Такая историческая схема и оказывается неверною. Она неправильна уже потому, что как бы язык ни был своеобразен в своем развитии надстроечной категории, все же он увязывается с основною периодизациею своего общественного базиса. Так, прежде всего, национальные языки не могли появиться раньше оформления наций, народные языковые массивы не могли образоваться прежде оформления народностей в путях их схождения хотя бы на грани формировании государственного строя, так же как племенные языки не имели места до образования племен. Правда, пути схождения языков различны в различные периоды, и благодаря экономически обусловленному общению может итти и сближение разрозненных языков еще в до-классовом обществе, в котором мощным фактором в том же направлении могла служить и экзогамия, но все же государственный язык невозможен до оформления государства. И если французский язык есть наследие уже французской государственности, то до образования Франции на территории Западной Европы не было и французской речи, а тем более не было и его праязыка, поскольку до оформления государства в границах Франции население ее переживало еще родовой строй с раздробленными племенными союзами, носителями разрозненной племенной речи.

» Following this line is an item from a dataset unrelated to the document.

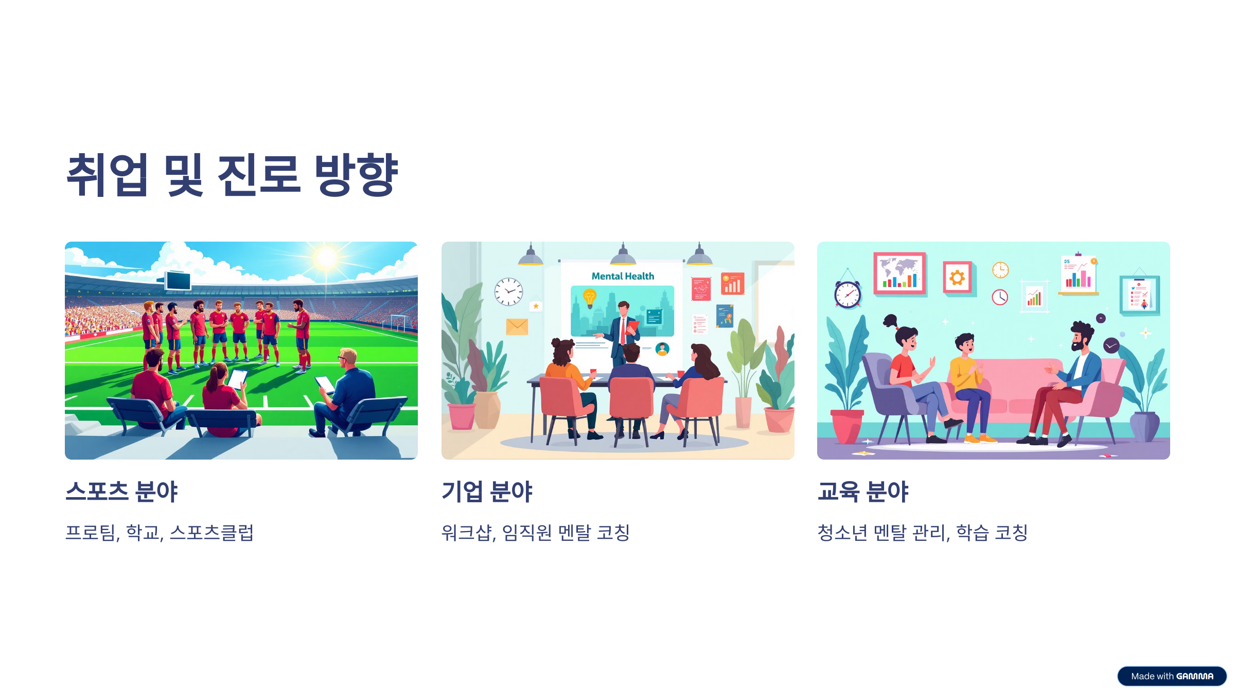 스포츠심리상담사는 단순한 심리상담을 넘어 선수들의 경기력 향상, 심리적 안정, 스트레스 관리 등 다양한 역할을 수행합니다. 경기 전 긴장감 조절, 슬럼프 극복, 목표 설정, 불안 해소, 집중력 향상 같은 심리 프로그램을 설계하고 제공합니다. 팀 단위로는 팀워크 향상, 집단 응집력 강화 등의 프로그램도 운영합니다. 특히 스포츠 특성상 성과와 직결되는 멘털 관리가 중요하기 때문에 그 수요가 점점 확대되고 있습니다. 최근에는 스포츠 분야 외에도 기업, 교육기관, 일반인 대상 멘털 코칭까지 확장되고 있어 활용 범위가 폭넓습니다.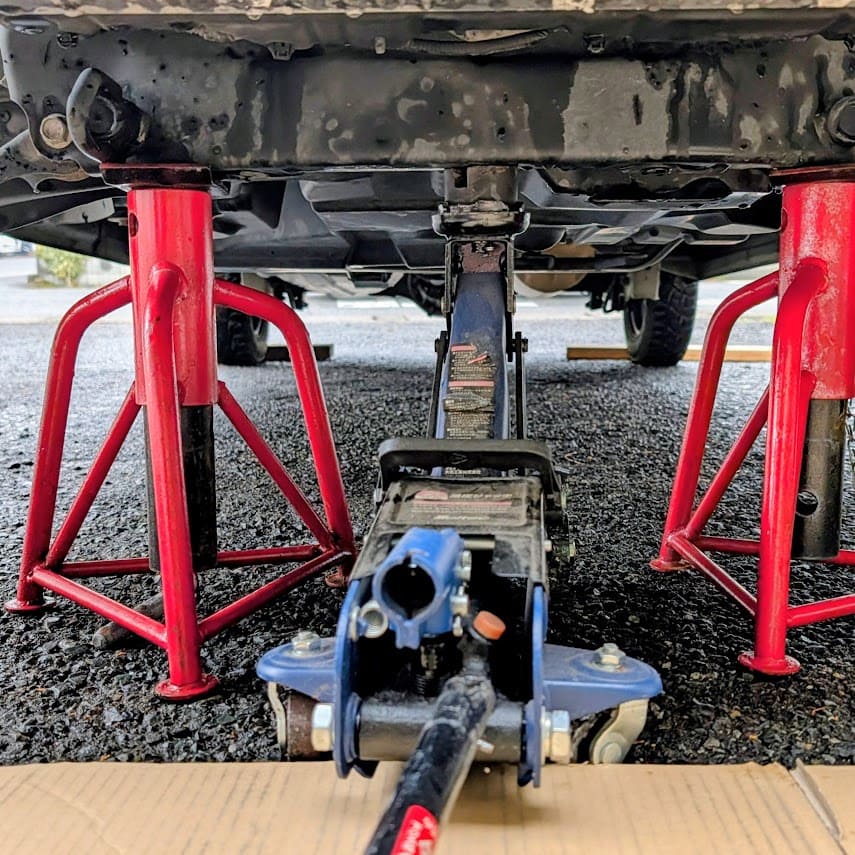 ジャッキアップして、馬を嚙ませて安定させて~いざアッセンブリの取り外し!!ま~ま~固くしまったボルトナットの取り外し~ここで新兵器「エマーソン・ハイブリッドレンチ」の活躍場面です~中々楽々な~但し、スタビライザーリンクの取り外しは、メガネレンチとパンタグラフジャッキで、グイグイと~な力を加えて少しずつ💦で、ようやく取り外し完了💦💦💦

Историческая схема обращается, таким образом, в другую сторону с резким противоречием той, каковая построена и поддерживалась господствующим направлением в лингвистике. В противоположность ей обостряется у лингвиста же внимание и на исторический процесс общественных перестроек вне зависимости от того, насколько полно и насколько разнообразно отражает в себе язык происходящие в базисе смены. В связи с этим коренным образом должен перестроиться и сам подход к классификации языков.
Прежде всего, не подлежит сомнению, что ныне существующие языковые группировки вовсе не изначальны. Они оформляются в процессе исторического развития, и выяснение места их в этом процессе вовсе не уточняется традиционными поисками пра-языков. Именно поэтому индо-европеистические построения и оказались крайне упрощенными и вовсе не обоснованными на чрезвычайно сложном ходе истории.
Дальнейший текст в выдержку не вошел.